Actualmente las contradicciones en su seno son tan fuertes como en otras épocas; quizá más. Pero es probable que la próxima cumbre de Nueva Delhi permita abrir la perspectiva de cierto retorno a los orígenes, a la reafirmación, en un mundo en el que crecen los peligros de guerra, de los principios fundacionales, enfilados a lograr la preservación de la paz, buscando soluciones negociadas en los conflictos, huyendo de la dialéctica del enfrentamiento entre los bloques.

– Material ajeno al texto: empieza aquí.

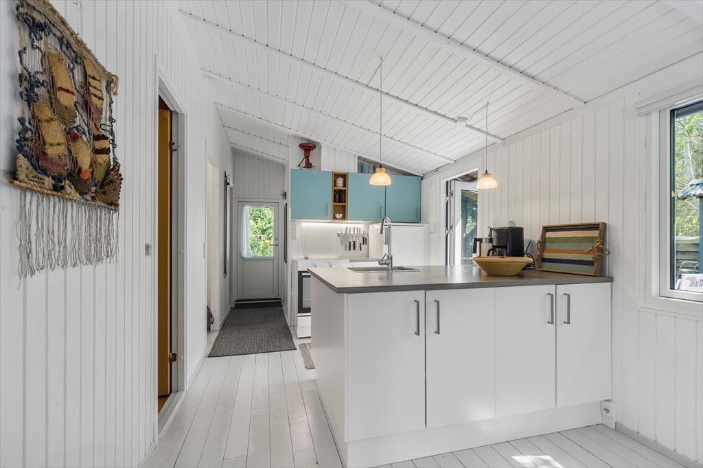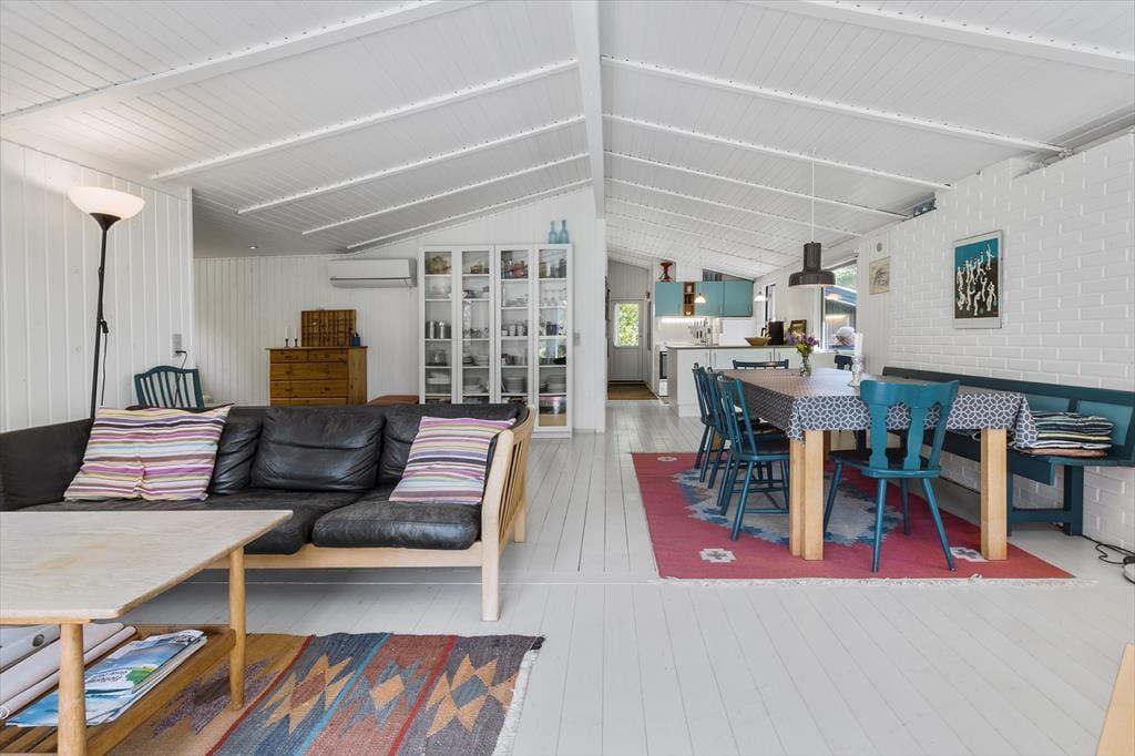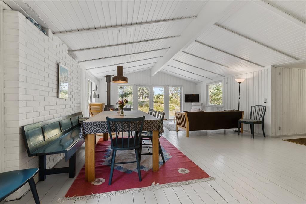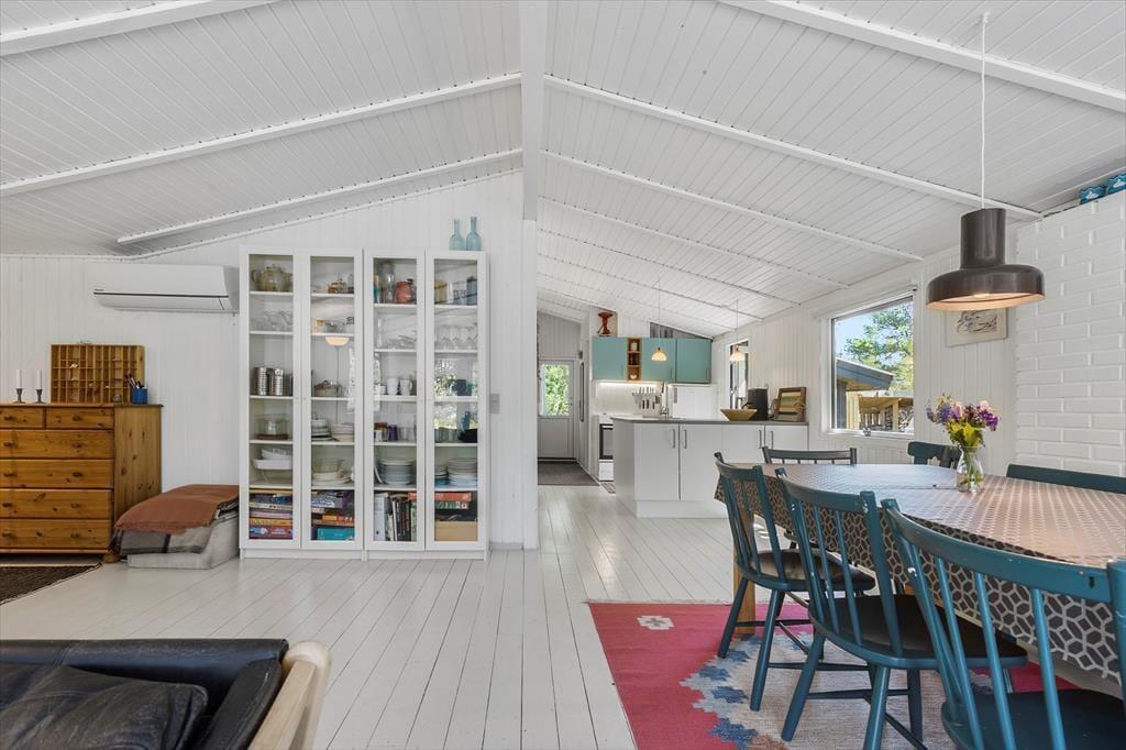 Velkommen til et sommerhus, hvor hyggen bor, og hvor det nostalgiske træhus inviterer dig til at sænke skuldrene og være til stede. Her er der skabt god plads i fællesrummene, så du og dine nærmeste kan være sammen – uden at gå i vejen for hinanden.

En la reunión de Managua España ha participado en calidad de país invitado. Esa presencia modesta, si se coloca en su contexto real, no parece justificar ninguna polémica. Un país como Portugal, miembro de la OTAN desde su fundación, participa en las mismas condiciones en que lo hace España. En la cumbre de no alineados de La Habana, en 1979, Carlos Robles Piquer, con la categoría que tenía entonces en la diplomacia española, encabezó la delegación española, igualmente invitada. Poner esta presencia como símbolo de una nueva orientación general de la política exterior de España parece a todas luces excesivo. Una cosa es hacer una política tercermundista, y otra muy diferente reconocer la realidad y el peso del Tercer Mundo, y el eventual papel a jugar por nuestro país en algunas de sus zonas, concretamente en América Latina. La presencia española en la reunión es, desde este punto de vista, un acierto del gobierno y un hecho reconfortante.